At this point two little character sketches provide some diversion. Ichabod Jones arrives. He is portrayed as a sniveling Tory-sympathizing Boston merchant who is quickly given the bums rush as a sign of the citizens' mounting anger.
Then, the author introduces and dispatches a black servant named London Atus: at the first sight of men with guns he takes off crying "Lord-a-massy, Lord-a-massy."
Tanner arranged the details of the episode to fit a keen sense of dramatic priority, placing the Margaretta in the grand Lexington-centered narrative of the Revolution, and filling in the gaps using literary models of characterization. She created, in other words, a very pleasing narrative.
Naval Battle at Machias, 1775
Maine Historical Society
The point of that narrative was to make an important moral statement about the people of Machias.
The Margaretta affair, as presented in the Pageant, shows that resistance to tyranny — the inherent principle of the American Revolution — had already become a full blown flower in the hearts of the people of Machias, a flower blessed and legitimized by the rider from Lexington — even before the ship had arrived.
The erection of O'Brien's liberty pole, in particular, was a sign of the purity of their purpose and their right to be considered true and original Americans. The subsequent battle, in other words, is just the outward sign of an inner conviction.
Historical pageants are collections of vignettes designed to dramatize — usually for an audience that already knows the basic story — the key episodes or peak moments in the creation of a community's history.
The stuff that goes between — the historical context — is usually left out on purpose.
In this the pageant provided for the citizens of Machias mythological signposts in the sacred narrative of identity. The myth is still alive and well today in Machias.
There's some truth to the pageant and the other narratives. But a critical look at the historical record demonstrates that a different interpretation is not only possible but absolutely necessary.
A critical look suggests that local history has been distorted, doctored and simplified in order to make it conform to the greater narrative. Restoring the details must change and in some sense enrich the way we think about Machias. Machias, as it turns out, can stand in the center of its own circle.

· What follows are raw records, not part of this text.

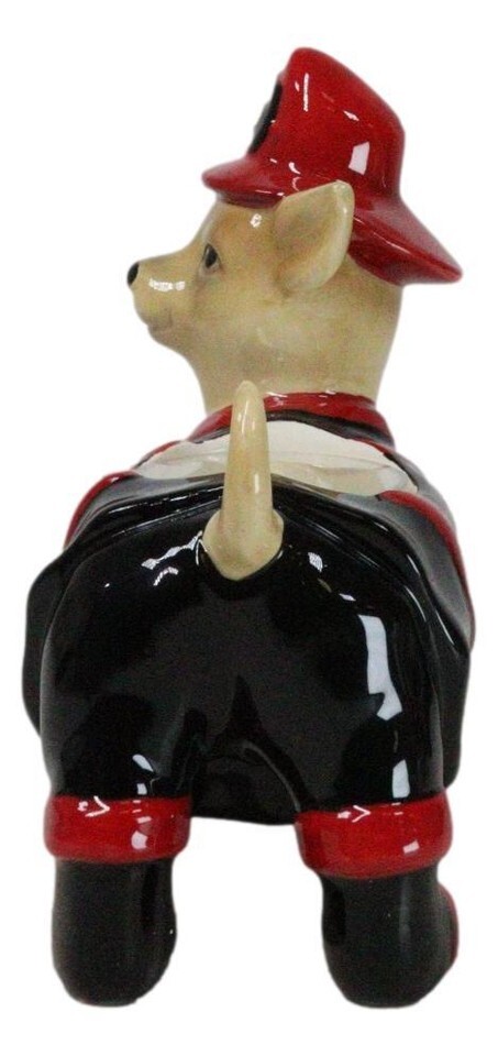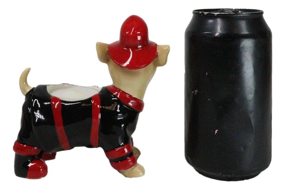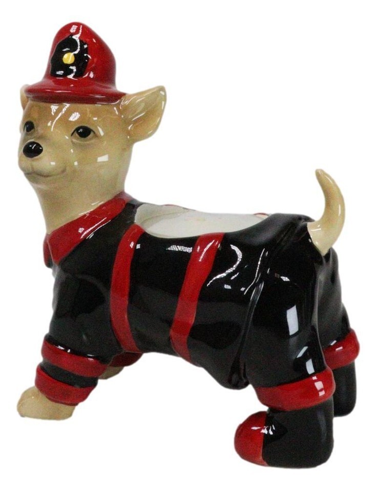 ? Celebrate in heroic style with our "Happy Birthday Fireman Frank" Ceramic Tea Light Votive Candle Holder! Dressed in striking black and red fire gear, this charming dog-themed holder adds a touch of fun and bravery to any birthday bash. Crafted from high-quality ceramic, it holds a tea light or votive candle, casting a warm and cheerful glow. Perfect for honoring the special day with a nod to your favorite firefighter or adding a whimsical touch to your celebration.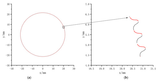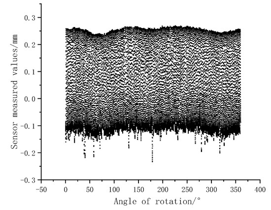 During the measurement process, the spindle rotates and the laser light emitted by the PLS scans the teeth flanks of the gear, obtaining the angular position of the tested gear and the measurement value of the sensor. At a specific cross-section of the flexspline, because the PLS is positioned at a particular offset distance in the tangential direction, it can only capture valid point data from one side of the measured flexspline’s teeth flanks for each rotation of the spindle. Consequently, to acquire information about both the left and right teeth flanks of the flexspline, the PLS must be moved to a new offset distance after obtaining the profile information of the teeth flanks at the offset distance . Through this process, information about both the left and right teeth flanks of the flexspline in a particular cross-section can be obtained.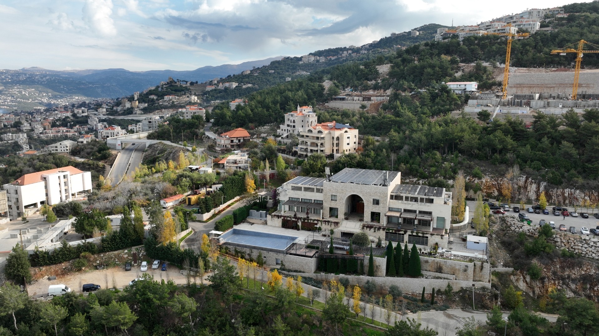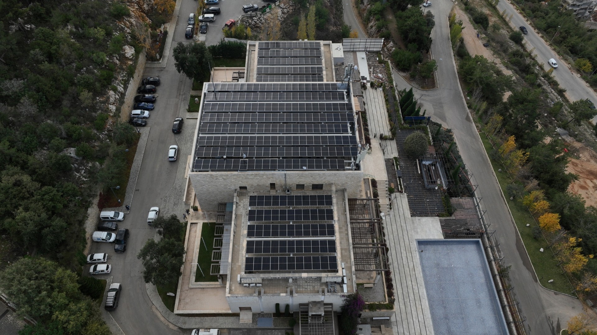 A 200 kWp grid-tied photovoltaic system designed with custom concrete rooftop structures to maximize utility and sustainability in a premier residential setting.

There are three main distortions in the story: First, there likely was no liberty pole. A liberty pole was constructed in Machias in 1777 – to commemorate the events of 1775. It was not present to ignite them.

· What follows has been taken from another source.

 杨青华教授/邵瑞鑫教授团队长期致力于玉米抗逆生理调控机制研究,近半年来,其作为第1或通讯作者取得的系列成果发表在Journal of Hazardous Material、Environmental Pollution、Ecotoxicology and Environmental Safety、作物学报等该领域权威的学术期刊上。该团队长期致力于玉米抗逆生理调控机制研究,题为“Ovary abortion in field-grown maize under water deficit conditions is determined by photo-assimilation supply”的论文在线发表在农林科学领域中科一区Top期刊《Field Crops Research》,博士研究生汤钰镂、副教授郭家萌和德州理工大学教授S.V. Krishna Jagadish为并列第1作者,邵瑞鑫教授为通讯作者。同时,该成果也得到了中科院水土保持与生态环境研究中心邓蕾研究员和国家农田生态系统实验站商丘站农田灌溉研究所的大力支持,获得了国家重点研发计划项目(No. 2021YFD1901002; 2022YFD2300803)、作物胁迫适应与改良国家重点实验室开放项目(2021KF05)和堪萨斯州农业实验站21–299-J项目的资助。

Hand-to-hand battle on 'Margaretta,' Machias, 1775
Maine Historical Society
Second, though the Black slave London Atus was a real historical figure, his role in the Margaretta affair was fabricated. He did serve during the Revolution and bought his freedom.
Third, and perhaps most important of all, the central role of Ichabod Jones and his political sympathies begins to lose significance and focus.

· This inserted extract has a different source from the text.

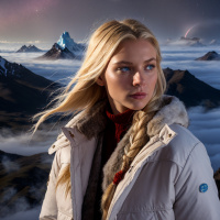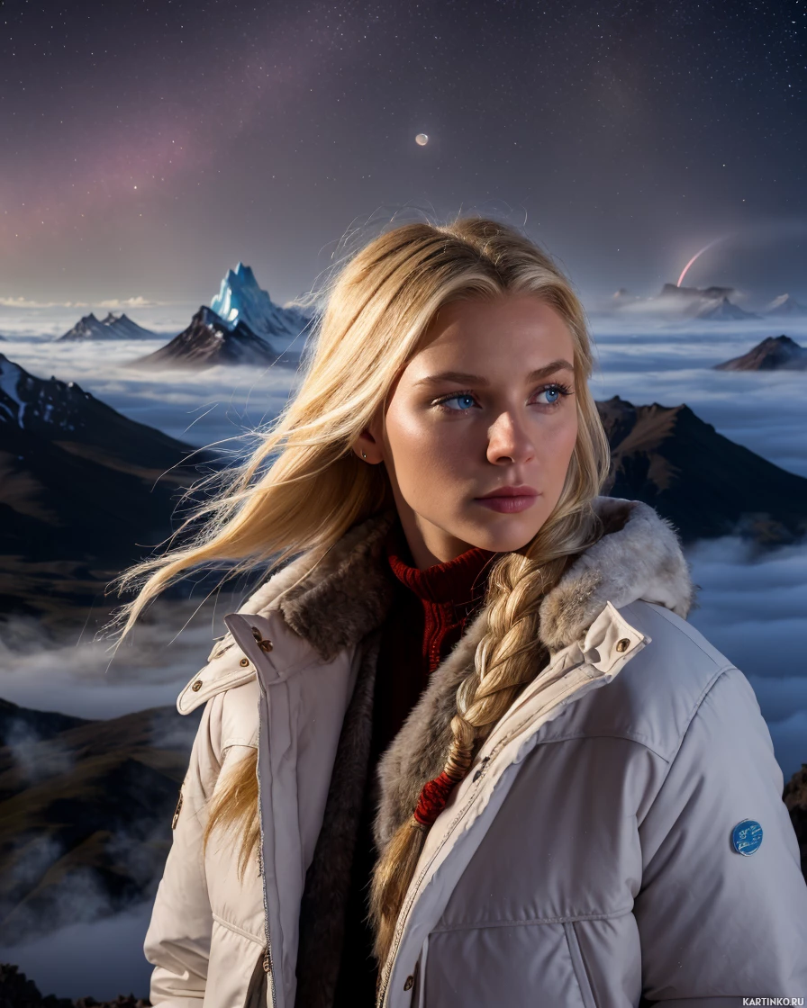 a neutral expression on her face. Her gaze is directed slightly away from the camera, suggesting she might be looking at something or someone not visible within the frame. The background features an otherworldly landscape with snow-capped mountains and

Jones, a Boston merchant who had invested in the sawmill operations that founded Machias in 1763 and sustained it thereafter, controlled the economic life of the town, especially trade by sea with Boston, an exchange of lumber-for-provisions that was the town's lifeline.
His nephew Stephen Jones, one of Machias's leading citizens, ran the family store and looked after his uncle's other holdings. His son and brother were involved in business ventures in what are now Jonesport and Gouldsborough.
By 1775, however, through the Coercive Acts, the British had closed the Port of Boston to teach the colonists a lesson, thus cutting off supplies of every kind. In response, the radical or Whig faction of the Continental Assembly called for a boycott of all trade with Britain.
In the tremendous political tensions of the period, the question of whether to continue dealing with the British — long an absolute economic necessity for the towns of Maine — became a major political fault line and a test of American patriotism.